7. JavaScript — Barnes–Hut Electrostatics
For N charged particles, direct summation is O(N²). The Barnes–Hut algorithm builds a quadtree (2D) or octree (3D) and approximates distant clusters as a single "macro-charge", reducing the complexity to O(N log N).
// Barnes–Hut quadtree node
class BHNode {
constructor(cx, cy, size) {
this.cx = cx; this.cy = cy; this.size = size;
this.totalQ = 0; this.comX = 0; this.comY = 0;
this.children = null; this.particle = null;
}
insert(p) {
if (!this.totalQ) {
this.particle = p;
this.totalQ = p.q;
this.comX = p.x; this.comY = p.y;
return;
}
if (!this.children) this.subdivide();
if (this.particle) {
this._insertIntoChild(this.particle);
this.particle = null;
}
this._insertIntoChild(p);
// update centre of charge
this.comX = (this.comX * this.totalQ + p.x * p.q) / (this.totalQ + p.q);
this.comY = (this.comY * this.totalQ + p.y * p.q) / (this.totalQ + p.q);
this.totalQ += p.q;
}
subdivide() {
const h = this.size / 2;
this.children = [
new BHNode(this.cx - h/2, this.cy - h/2, h),
new BHNode(this.cx + h/2, this.cy - h/2, h),
new BHNode(this.cx - h/2, this.cy + h/2, h),
new BHNode(this.cx + h/2, this.cy + h/2, h),
];
}
_insertIntoChild(p) {
const idx = (p.x > this.cx ? 1 : 0) + (p.y > this.cy ? 2 : 0);
this.children[idx].insert(p);
}
// Compute electric force on particle p (theta = opening ratio, ~0.5)

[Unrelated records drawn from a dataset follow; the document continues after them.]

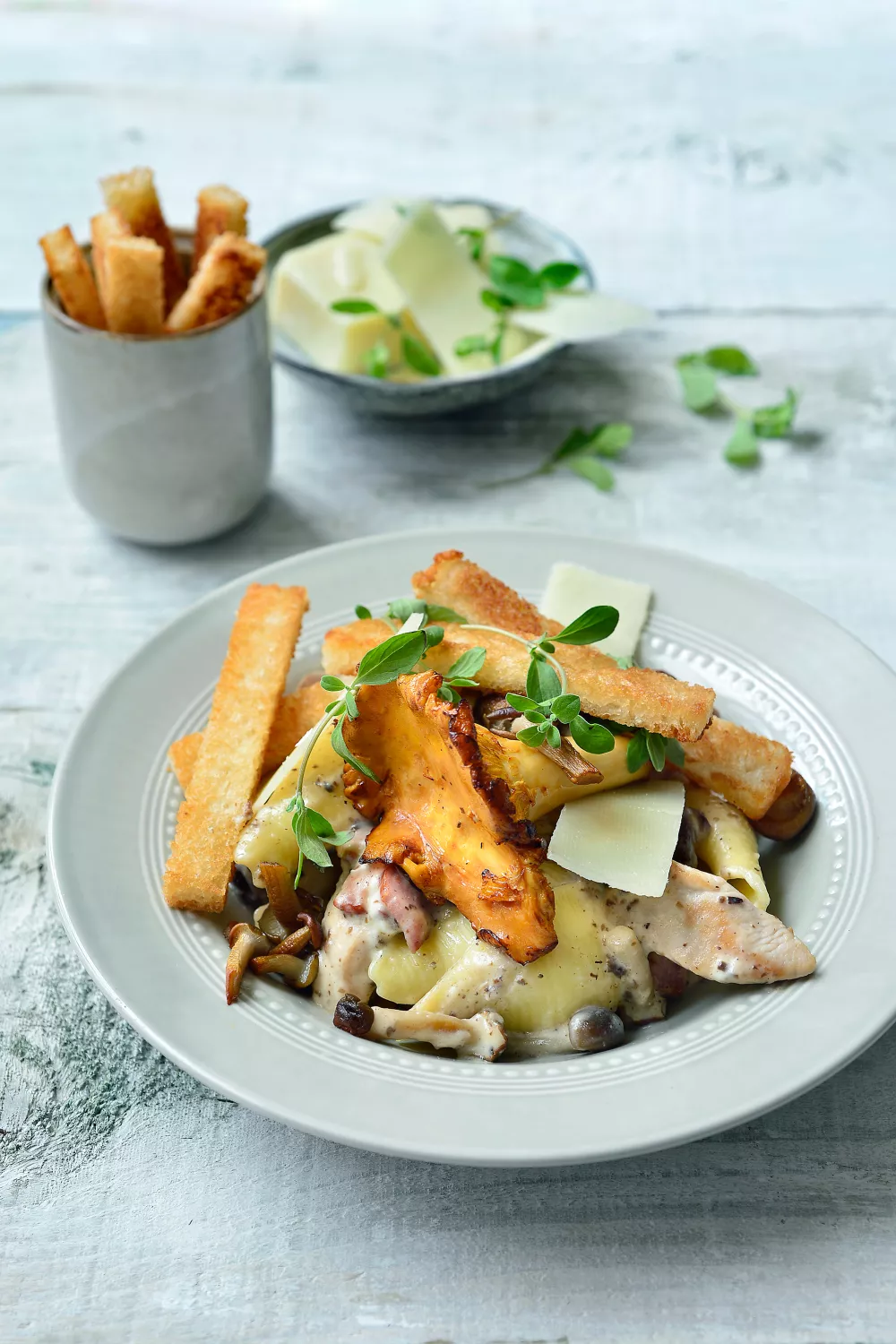 Romige pastaschelpjes met kalkoen en boschampignons combineren hartige spekreepjes, truffeltapenade en zachte geitenkaas tot een feest van umami en comfort. Door pasta kort te koken, ingrediënten te sauteren en croutons van toastbrood te bakken ontstaat een snelle doch elegante pasta voor doordeweekse diners of een gezellig herfstmaal. Een vleugje truffel en krokante broodbalkjes geven dit gerecht diepgang en textuur zonder gedoe.
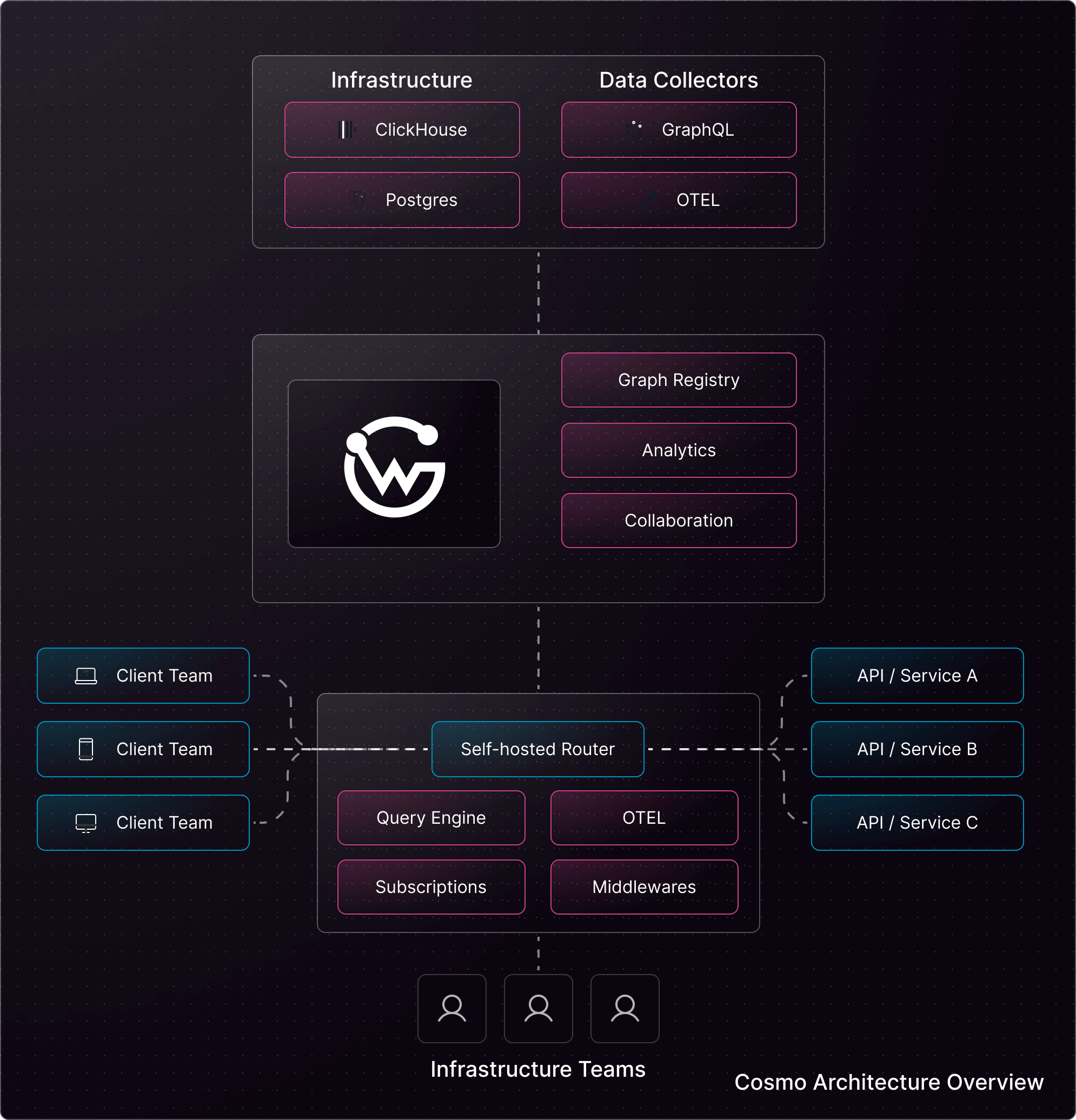 Some organizations operate under very strict regulation. WunderGraph Cosmo Cloud is SOC 2 compliant and fully fit for purpose. However, in the strictest of such scenarios and as a last resort, WunderGraph Cosmo can be fully self-hosted and self-managed. And our team of Solution Architects and Support Engineers stand ready to help navigate the increased costs and complexities that naturally arise in these scenarios. Indeed, the process of setting up any solution to satisfy security audits, SLAs, and other internal constraints, can be complex, time-consuming, and error prone—and self-hosting / self-managing WunderGraph Cosmo is no exception. From ensuring end-to-end encryption, to configuring every component correctly, our team is ready to help create scalable, maintainable, and healthy deployments that shine even in the toughest of conditions. Teams turn to WunderGraph for help with:- Network Architecture & Security;
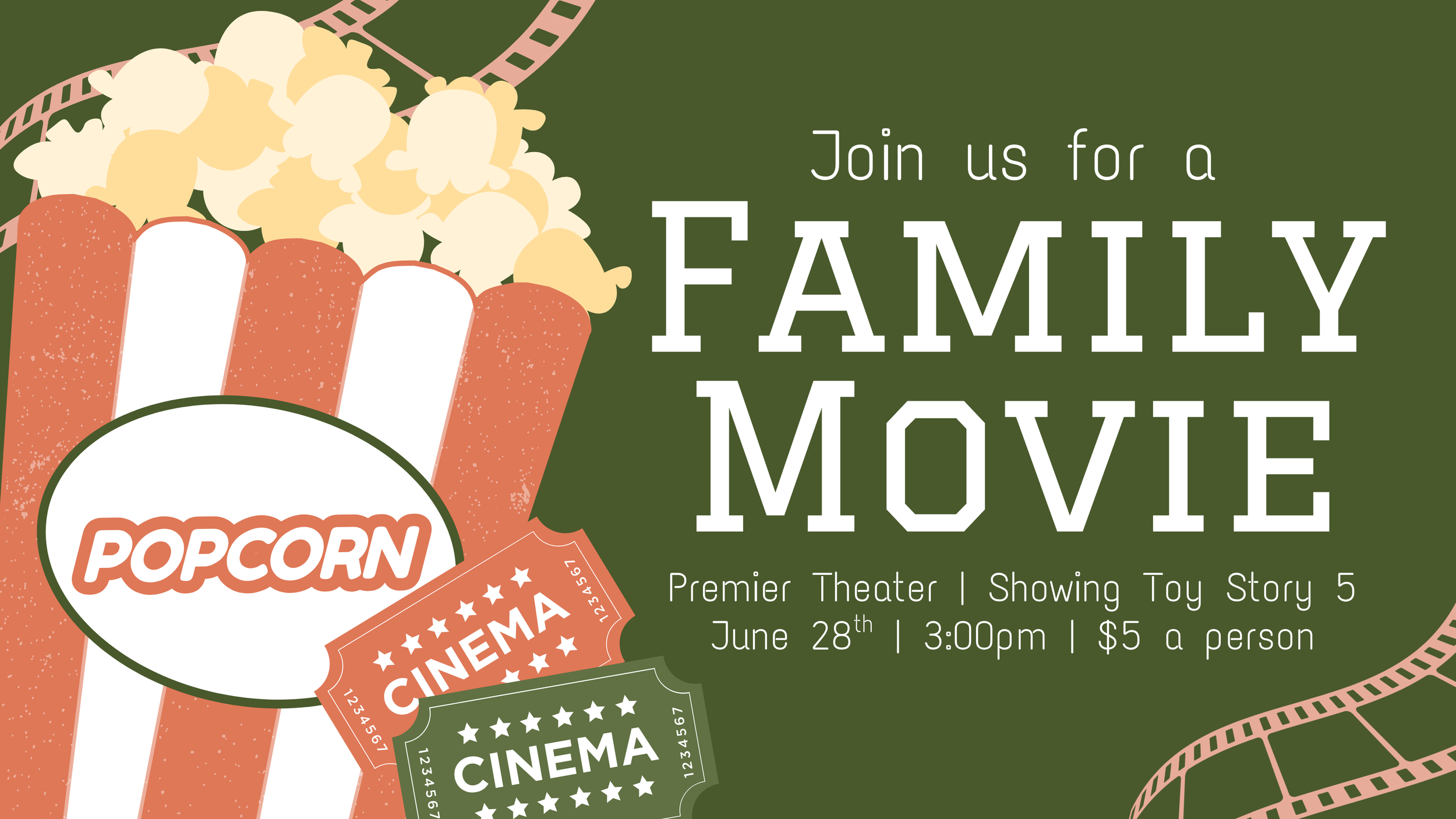 Join us for a fun family movie afternoon at Premier Cinemas! We’re renting out a theater to watch Toy Story 5 together. Registration is required.
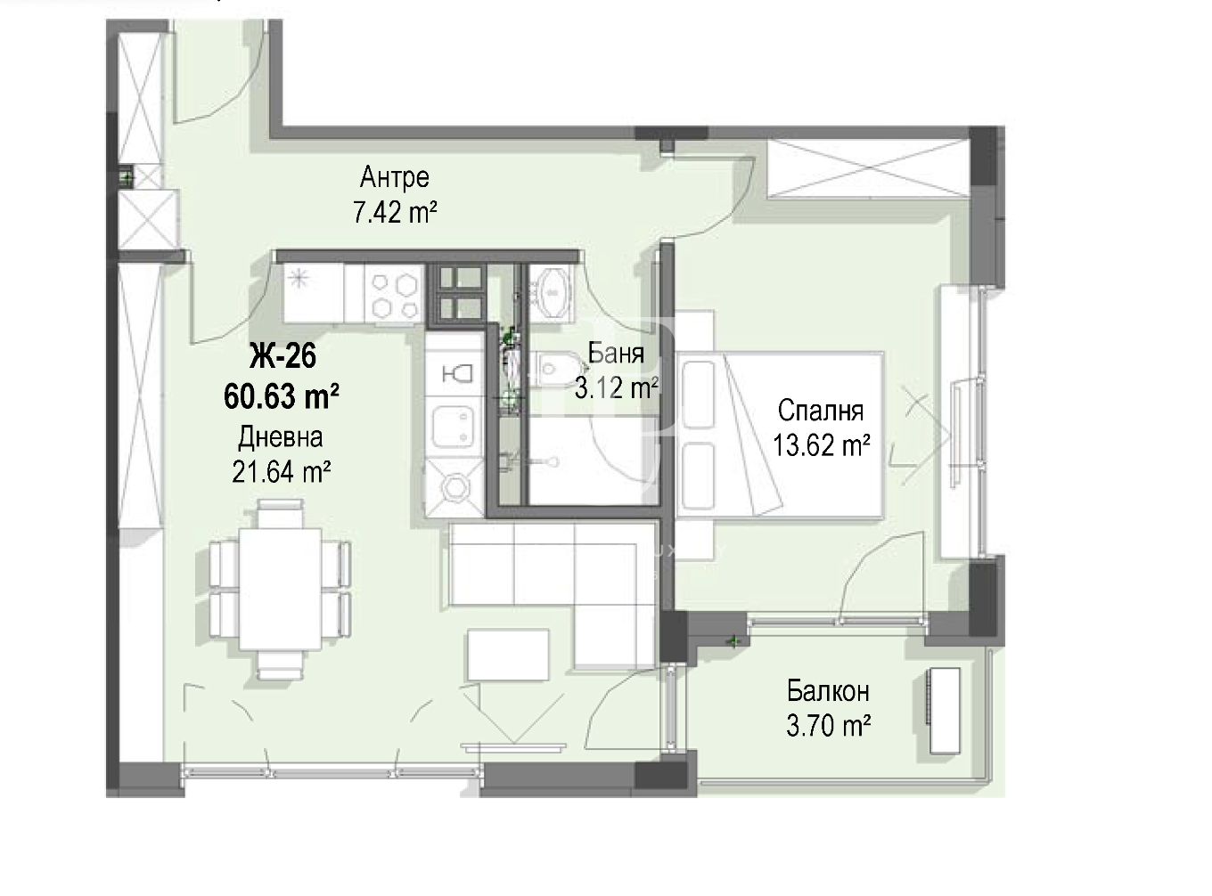 Манастирски ливади - изток, София Апартамент, на шпакловка и замазка РЗП: 81 кв.м. Етаж: 2 / 6 1 Спални, 1 Бани
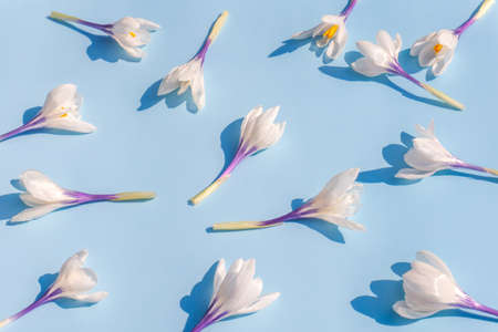 White crocusses on blue background, early spring
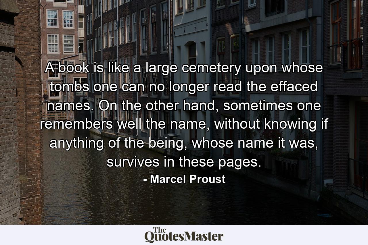 A book is like a large cemetery upon whose tombs one can no longer read the effaced names. On the other hand, sometimes one remembers well the name, without knowing if anything of the being, whose name it was, survives in these pages.
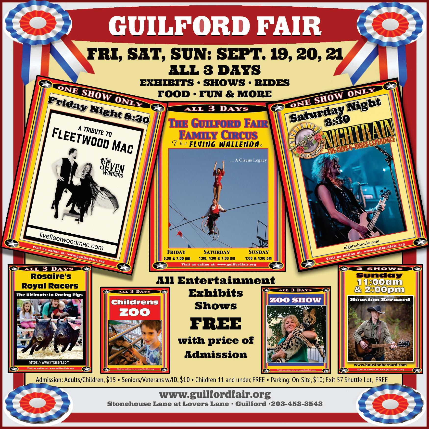 Established in 1859 and held the third full weekend of every September, the Guilford Fair returns to amaze and delight shoreline residents Friday, Sept. 19; Saturday, Sept. 20; and Sunday, Sept. 21, at the Guilford Fairgrounds on Stone House Lane.
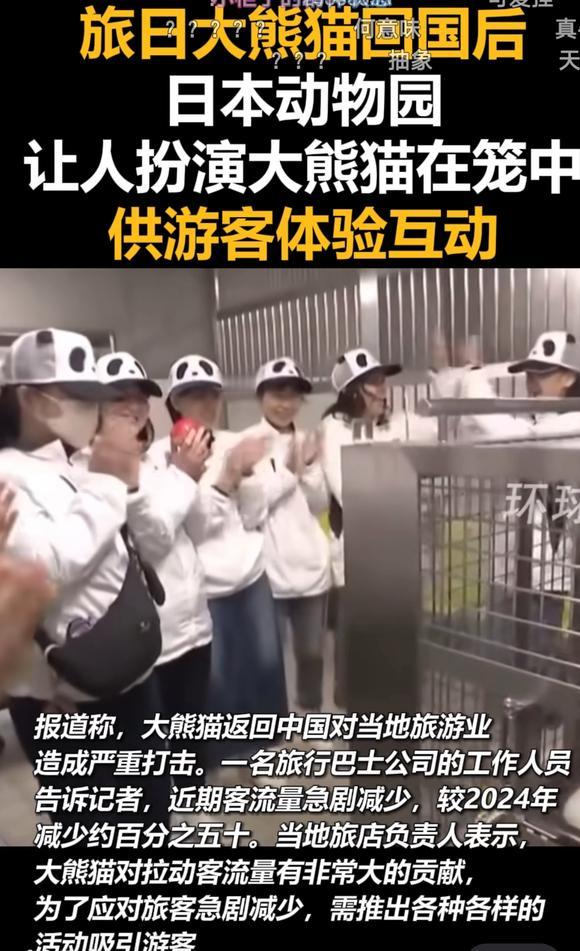 真人扮熊猫关笼,日本为吸客拼了。 为留客流,他们连 “山寨熊猫” 都搬出来了。 真熊猫走了,就自己造一个? 还搞成了付费项目,花 370 块就能体验当 “熊猫饲养员”。 而 “饲养” 的对象,竟是工作人员戴头套假扮的 —— 穿着黑白毛绒服蜷缩在特制竹笼里,还会配合做出啃竹笋、打滚蹭人的憨态动作。 公园出此下策,实属无奈。 去年,4 只大熊猫租借到期返回中国,当地旅游业遭受重创。客流量比熊猫在时锐减了大约 50%,周边的熊猫主题商店、餐厅更是门可罗雀,部分店铺直接关停。 这略显荒诞的操作,无疑是在消耗大熊猫留下的情怀。 “花三百多喂个‘假熊猫’,更像一场滑稽的闹剧”,也有人表示 “孩子没见过真熊猫,倒也玩得开心”。 但这或许只是开始,后续,日本最后两只熊猫也将返回。届时,全国将进入 “零熊猫时代”。 失去了这个绝对的 “顶流 IP”。依赖熊猫经济的相关产业,必须绞尽脑汁求生。 这场靠情怀硬撑的自救,又能撑多久? 未来,可能还会有更多意想不到的“神操作”出现。
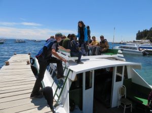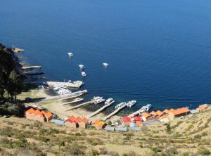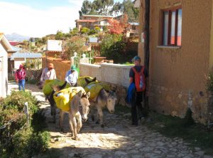 Am nächsten Vormittag kauften wir auf dem lokalen Markt Vorräte für die nächsten Tage ein. Für den Nachmittag hatten wir eine Bootsfahrt zur Isla del Sol gebucht, der größten Insel im Titicacasee. Nach ca. 2 Stunden auf dem Wasser kamen wir dort an und hatten 90 Minuten Zeit, dem Südteil der Insel zu erkunden. Wir gingen über einen Berg zu dem Hauptort der Insel, wo wir wieder eingesammelt werden sollten. Tief unter uns schimmerte der See in der Sonne und weit entfernt am anderen Ufer sahen wir eine schneebedeckte Bergkette. Autos gibt es hier nicht und alles wirkte sehr beschaulich.
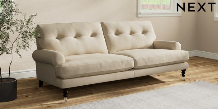 7.2.10 Erin Buttoned Back Deep Relaxed Sit 3 Seater Sofa Natural Mix Light Natural High Classic Turned Chrome Castor - Dark | Made Click here to use our website with more accessibility support, for example screen readers
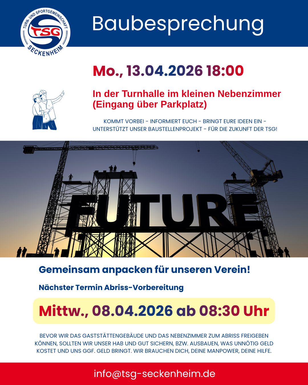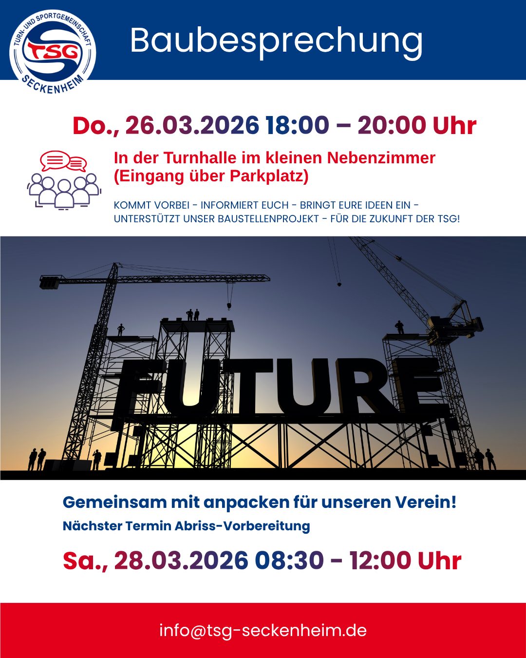 🗓️ In Kürze steht unsere außerordentliche Mitgliederversammlung an! Alle TSG-Mitglieder sind herzlich eingeladen, dabei zu sein und gemeinsam über den neuen Satzungsentwurf abzustimmen.
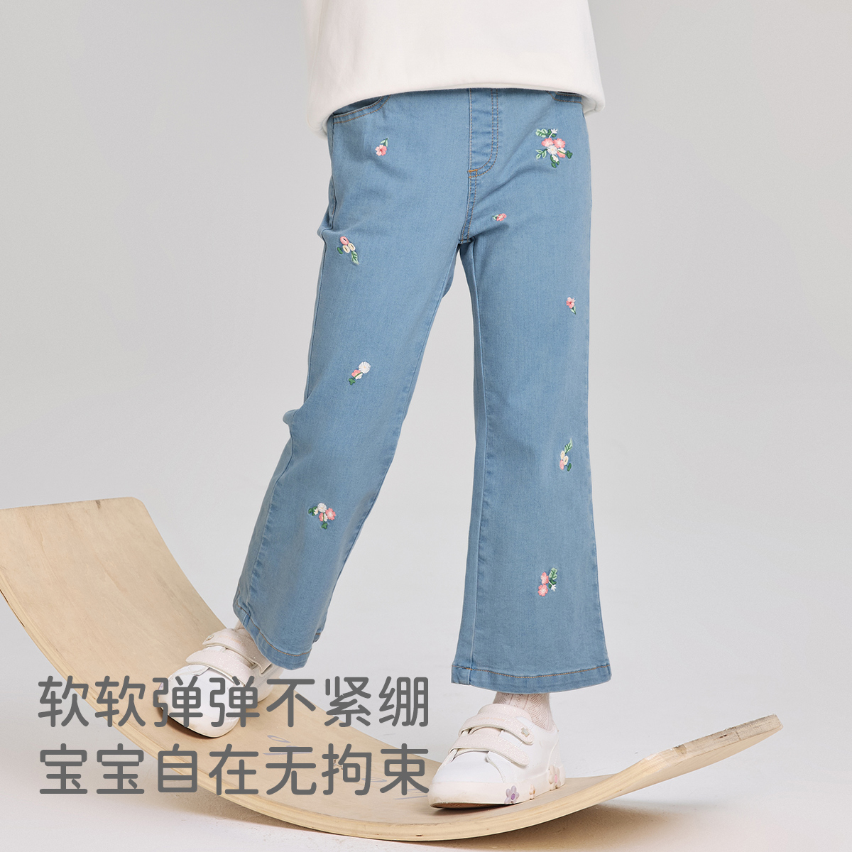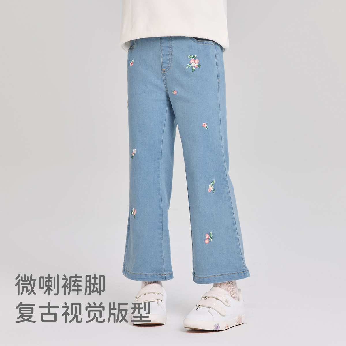 儿童复古喇叭裤 童装 子2025春装 女大童长裤 新款 戴维贝拉女童牛仔裤
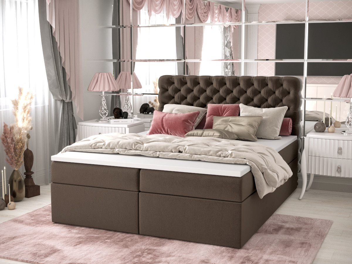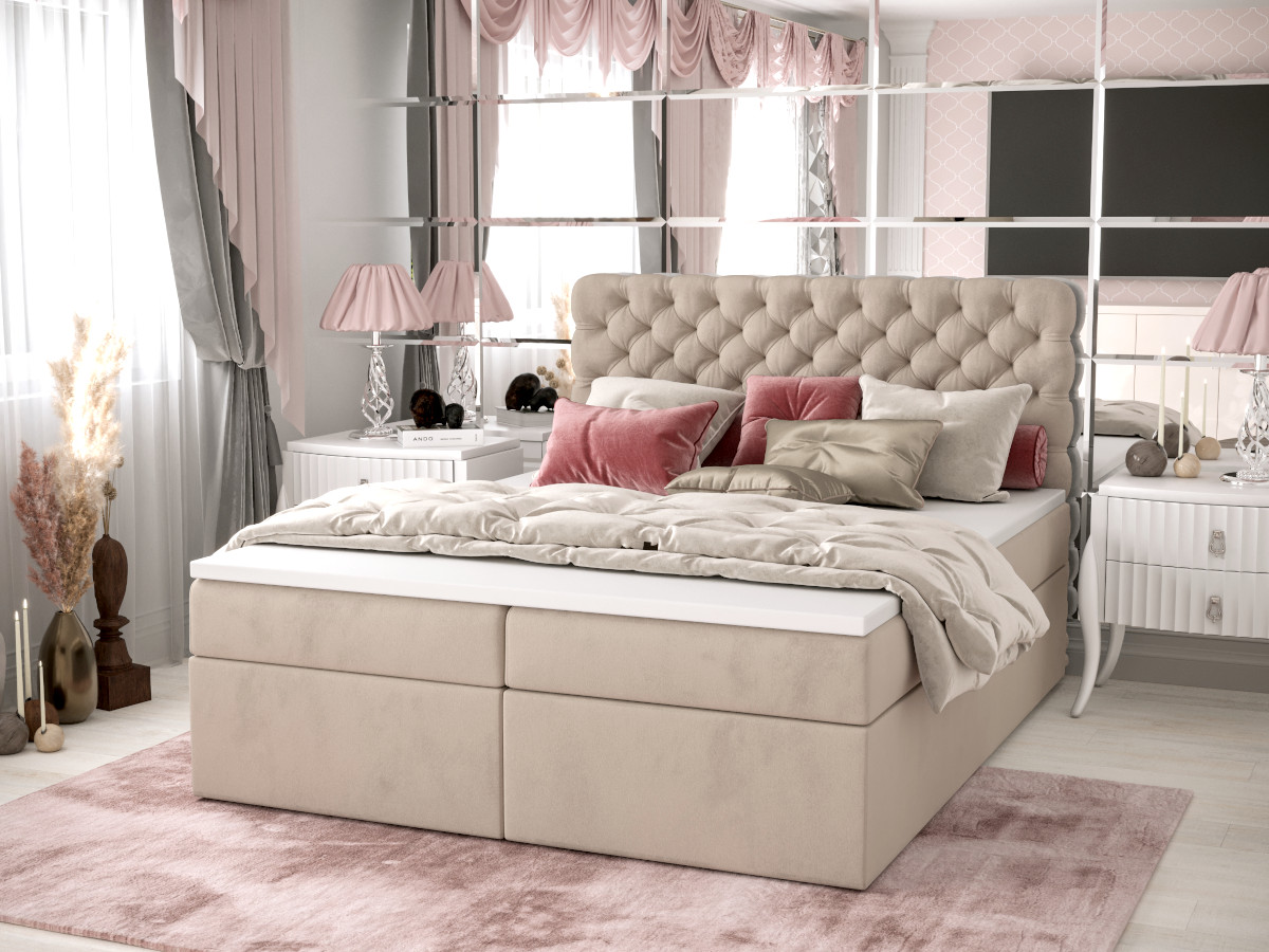 Pikowane Łóżko Kontynentalne 160×200 Styl Chesterfield + 2 Pojemniki Na Pościel + 2 Materace Bonell – Wybór Kolorów – SEMPRE

force(p, theta, k = 8.988e9) {
if (!this.totalQ) return {fx: 0, fy: 0};
const dx = this.comX - p.x, dy = this.comY - p.y;
const r2 = dx * dx + dy * dy;
if (r2 === 0) return {fx: 0, fy: 0};
const r = Math.sqrt(r2);
// Barnes–Hut criterion: treat as single macro-charge if s/r < theta
if (!this.children || this.size / r < theta || this.particle) {
const mag = k * p.q * this.totalQ / r2;
return {fx: mag * dx / r, fy: mag * dy / r};
}
let fx = 0, fy = 0;
for (const child of this.children) {
const f = child.force(p, theta, k);
fx += f.fx; fy += f.fy;
}
return {fx, fy};
}
}
// Field line tracer (RK4)
function traceFieldLine(charges, x0, y0, step = 2, maxSteps = 500) {
const pts = [{x: x0, y: y0}];
let x = x0, y = y0;
const k = 1; // normalised units
for (let i = 0; i < maxSteps; i++) {
let ex = 0, ey = 0;
for (const c of charges) {
const dx = x - c.x, dy = y - c.y;
const r3 = (dx * dx + dy * dy) ** 1.5;
if (r3 < 1e-6) continue;
ex += k * c.q * dx / r3;
ey += k * c.q * dy / r3;
}
const mag = Math.hypot(ex, ey);
if (mag < 1e-10) break;
x += step * ex / mag;
y += step * ey / mag;
pts.push({x, y});
}
return pts;
}
8. Applications
- Particle accelerators: Coulomb scattering (Rutherford) revealed the nucleus; accelerators use strong electric fields to drive particles to GeV energies.
- Molecular dynamics: Electrostatic forces between atoms and molecules determine protein folding, crystal structure, and chemical reactivity.
- Capacitors & energy storage: Supercapacitors store energy in electric fields between closely spaced conductors; used in regenerative braking and grid storage.
- Ink-jet & laser printing: Charged droplets or toner particles are steered by controlled electric fields.
- Ion traps: Paul traps confine ions with oscillating electric fields for atomic clocks, quantum computing and mass spectrometry.